Sunday, April 27, 2008

The Stress of Success

The stress of success. Not a topic readily discussed at WW. Perhaps people don't want to talk about such a thing but I do. I need to. I drive Shrek crazy with my uneasiness. As I have lost weight I have found myself floating in clothing that once choked me. At first that feeling is exhilarating but with time feelings of anger and fear and frustration also come. Nobody has told me how to deal with these emotions. I am in this boat with one oar, completely lost but I paddle on. I have gone on diets before and I have always jumped ship just as the horizon became visible in the distance. This time is different.

The difference is I want to reach that horizon. Why the fear? Why be frustrated and angry? I guess I didn't realize how much was involved with losing weight. I was so happy to be doing well that I didn't stop to think about how I would feel about needing to have smaller things to wear like every six weeks. Maybe what I really feel is overwhelmed. Currently I own more clothing that is too large for me to comfortably wear than things that fit.Thank goodness for friends and well meaning people who have come to my rescue with encouragement and clothing. I am ever so fortunate to have Shrek who keeps me calm and who is so much kinder to me than I am to myself.

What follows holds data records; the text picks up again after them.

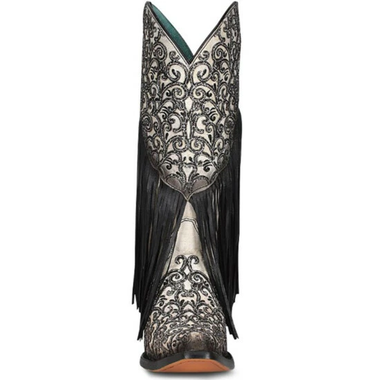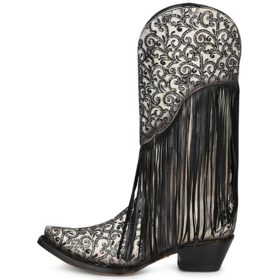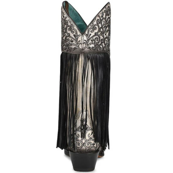 Outlet ⌛ Corral 👩 Women’s Glitter Fringe Western 🥾 Boots – Snip Toe Black/white 👏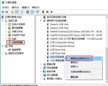 第二步:设备管理器_"通用串行总线控制器”_“USB打印支持”并右击选择“更新驱动程序”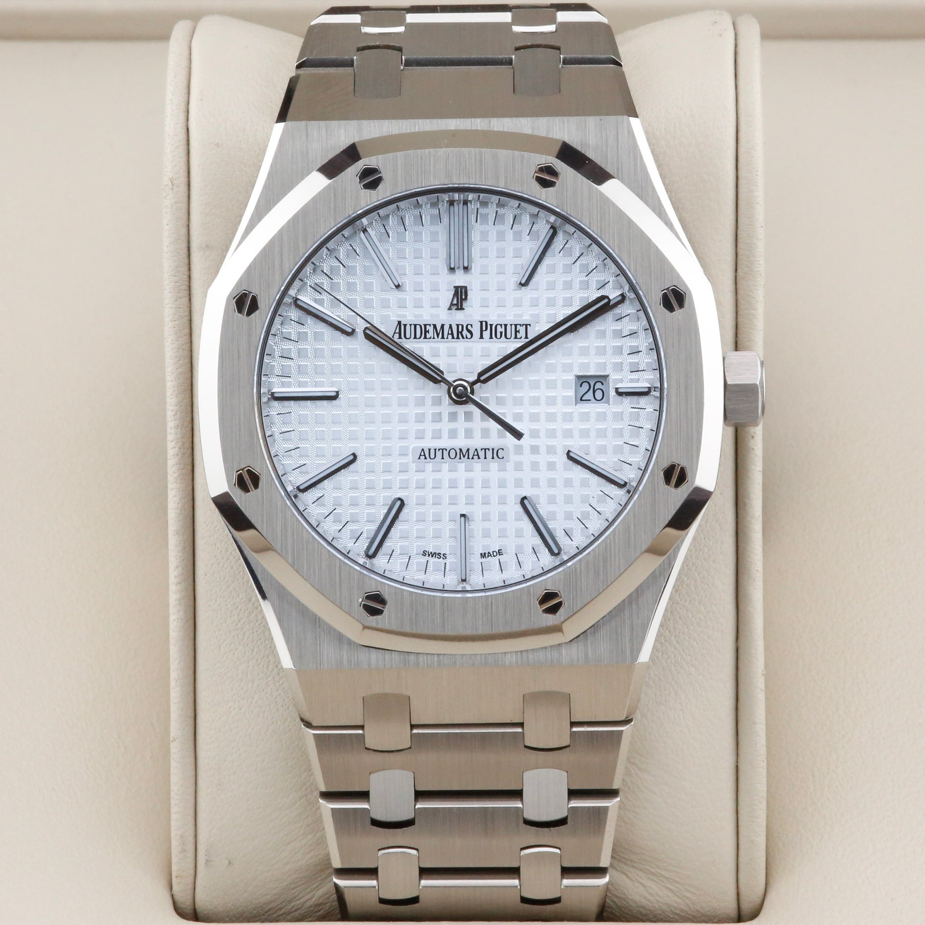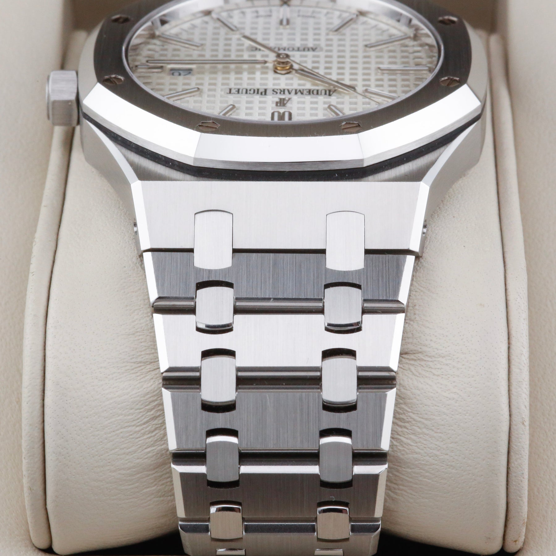 The Audemars Piguet Royal Oak 15400ST is the 41mm evolution of the iconic Royal Oak design, featuring the signature octagonal bezel with exposed screws and integrated stainless steel bracelet. The larger case size gives the watch a strong presence on the wrist while retaining the slim, elegant profile that has defined the Royal Oak since its introduction. A silver “Grande Tapisserie” dial with applied hour markers and date at 3 o’clock completes the classic AP sports-luxury look.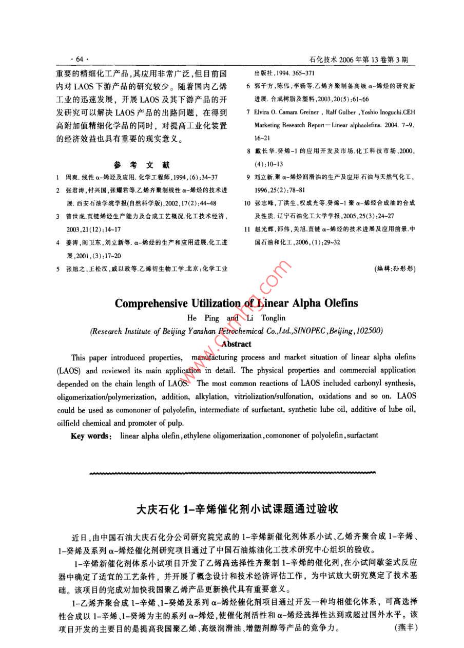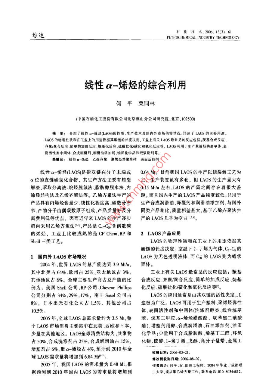 石化技術,2006.13(3); 61綜述PETROCHEMICAL INDUSTRY TECHNOLOCY線性c-烯烴的綜合利用何平栗同林(中國石油化工股份有限公司北京燕山分公司研究院,北京,102500)摘要:介紹了線性a-烯烴(LAOS)的性質、生產(chǎn)技術及國內(nèi)外市場供需情況,詳述了LAOS的主要用途。LAOS的物理性質和在工.業(yè)上的用途依據(jù)其碳鏈的長度決定.工業(yè)上有關LAOS最常見的反應包括:羰基合成反應、齊聚/聚合反應、簡單的加成反應、烷基化反應硫酸鹽化/磺化和氧化反應等。LAOS可用于生產(chǎn)聚烯烴共聚單體、表面活性劑中間體、合成潤滑劑、潤滑油舔加劑、油田化學品和紙漿助劑等。關鍵詞:線性a-烯烴 乙烯齊聚 聚烯烴共聚單體 表面活性劑線性a-烯烴([LAOS)是指雙鍵在分子末端或0.64 Mt。目前我國LAOS的生產(chǎn)以蠟裂解工藝為a位的直鏈碳氫化合物,其生產(chǎn)方法主要有蠟裂主,生產(chǎn)裝置雖有多套,但LAOS的生產(chǎn)量只有解法、萃取分離法、烷烴脫氫法、脂肪醇脫水法、內(nèi)0.15 Mt/a 左右,LAOS的產(chǎn)需之間存在著很大差烯烴異構法及乙烯齊聚法等。乙烯齊聚法生產(chǎn)的距。而且國內(nèi)生產(chǎn)的LAOS產(chǎn)品純度較低,只用于產(chǎn)品具有內(nèi)烯烴含量少線性化程度高、碳數(shù)分布生產(chǎn)合成潤滑油、降凝劑和潤滑油添加劑,與國外窄、產(chǎn)物分子由偶碳數(shù)原子組成、產(chǎn)品質量好及分同類產(chǎn)品相比,質量相差甚大,基于乙烯齊聚法生離費用低等優(yōu)點,因而近年來LAOS的生產(chǎn)逐步產(chǎn)的LAOS幾乎為空白12月。趨向采用乙烯齊聚法-9,產(chǎn)品是CrCx含偶數(shù)碳的烯烴,工業(yè)上比較成熟的是CPChem、BP和2LAOS產(chǎn)品應用Shell三類工藝。LAOS的物理性質和在工業(yè)上的用途依據(jù)其碳鏈的長度決定。室溫下1-丁烯為氣體,C6~Cg的1國內(nèi)外LAOS市場概況LAOS為無色透明液體,而Cp的LAOS則為蠟狀2004年,世界LAOS的總產(chǎn)能達到3.9 MVa,固體。其中北美占64%.歐州占25%、亞太地區(qū)占3%、工業(yè)上有關LAOS最常見的反應包括:羰基其他地區(qū)占8%。全球主要生產(chǎn)商占總產(chǎn)能的比合成反應、齊聚/聚合反應、簡單的加成反應、烷基例為:美國Shell公司、BP公司.Chevron Phillips化反應、硫酸鹽化/磺化和氧化反應等。公司分別占34% ,29%,17%,南非Sasol公司占LAOS的應用通常是由其雙鍵的活性決定,用8%,日本出光石化公司占1.5%, 其他公司占途極為廣泛。LAOS 可用于生產(chǎn)塑料、聚烯烴彈性10.5%。體、表面活性劑和中間體(洗滌劑醇類、線性烷基2005年,全球LAOS總需求量約為3.5 Mt,整苯、烷基二甲胺、a-烯烴磺酸酯、聯(lián)苯醚二磺酸個LAOS市場消費主要集中在北美、西歐和日本,酯),增塑劑用醇、合成潤滑油、石油添加劑、油田少量在其他地區(qū)。LAOS全球消費結構為:共聚物化學品;少量用于合成脂肪酸、烯基丁二醛、環(huán)氧占50% ,合成洗滌劑占25%,合成潤滑油占15%,化物硫醇、1-聚丁烯、戊醇高分子量蠟.金屬工增塑劑占6%,聚a- ~烯烴占4%,預計到2010年全收稿日期: 2006- 03-21。球LAOS需求量將增加到6.84Mt47。修改稿收到日期: 2006 08-07。2005年,我國LAOS的需求量為0.48 M,根作者簡介:何平,女,助理工程師。2004 年畢業(yè)于成都理據(jù)預測到2010年國內(nèi)LAOS的需求量將增加到I大學,現(xiàn)從事乙烯齊聚工作。聯(lián)系電話:010- 80344812?!?2.石化技術2006年第13卷第3期作液及其他產(chǎn)品B.%。酸鹽,這些產(chǎn)品作為表面活性劑是合成洗滌劑的2.1聚烯烴主要原料。其中,以烷基苯磺酸鹽、醇醚硫酸鹽、醇1-丁烯、1-己烯.1-辛烯作為共聚單體用于生硫酸鹽為主的陰離子表面活性劑約占表面活性劑產(chǎn)高密度聚乙烯(HDPE)以及線型低密度聚乙烯總量的55%以上,以脂肪醇醚、烷基糖苷為主的非([LDPE)產(chǎn)品。生產(chǎn)HDPE和LLDPE所用的LAOS離子表面活性劑約占總量的35%,其他表面活性占其總消費量50%以上。劑約占10%。在聚烯烴生產(chǎn)中使用共聚單體是為了控制聚2.2.3線性硫醇烯烴產(chǎn)品的密度和加強其物理性能,提高抗撕裂C_-C口LAOS用于生產(chǎn)線性硫醇,線性硫醇廣性和拉伸強度,而只有雜質含量低的高LAOS才泛用于 合成化學半成品、防水劑、橡膠添加劑、農(nóng)能用作聚烯烴產(chǎn)品的共聚單體。一般認為,長鏈單用化學品和聚合物改性劑等.I。體共聚的LLDPE比短鏈單體共聚的聚烯烴具有正丁基硫醇是生產(chǎn)除草劑的重要原料;正已更高的整體韌性和強度,長鏈單體- -般是指1-己基硫醇用作農(nóng)用品中間體;正辛基硫醇在紡織業(yè)烯與1-辛烯,用1-辛烯共聚的LLDPE韌性最好。上用作織物印花助劑,在增塑劑、涂層、農(nóng)藥、專用2.2醇紙張和藥物生產(chǎn)中用作聚合物改性劑;正癸基硫工業(yè)上將生產(chǎn)線性醇所使用的LAOS劃分為醇作為某些產(chǎn)品的專用添加劑,用量較小;正十二兩個范圍:C5-C LAOS和Cmo~Cr6 LAOS。由C~-C1o硫醇主要作為聚合物的聚合調節(jié)劑用于塑料和橡LAOS合成的Cr~Cn線性醇用于增塑劑產(chǎn)品;由膠制 品,也可作為礦石浮選劑(主要是銅礦)用于C1o-C16LAOS合成的Cir~Cn線性醇作為表面活性采礦行業(yè)。劑用于生產(chǎn)洗滌產(chǎn)品。潤滑油中添加的作為黏度2.3 聚c-烯烴(PAO)指數(shù)增加劑的異丁烯酸酯(由Cg~Cis線性醇衍Co LAOS (或少量Cq和Cp LAOS混合物)在生)則由介于兩種LAOS之間的LAOS衍生而來。催化劑作用下發(f

He is my rock. He chuckles at me when I get whiny about having to go out and buy new intimates once again. As he points out it is a bonus for him if I go without underwear...LOL.

As of this posting I have lost 133.8 pounds. I have just about 21 pounds left before I reach shore,let out my anchor and settle in. It will be nice to be in maintenance. To stay the same for an extended time and have time to adjust to the new me.

The mad chronicling of a Large Marge on a journey to find the girl she used to be.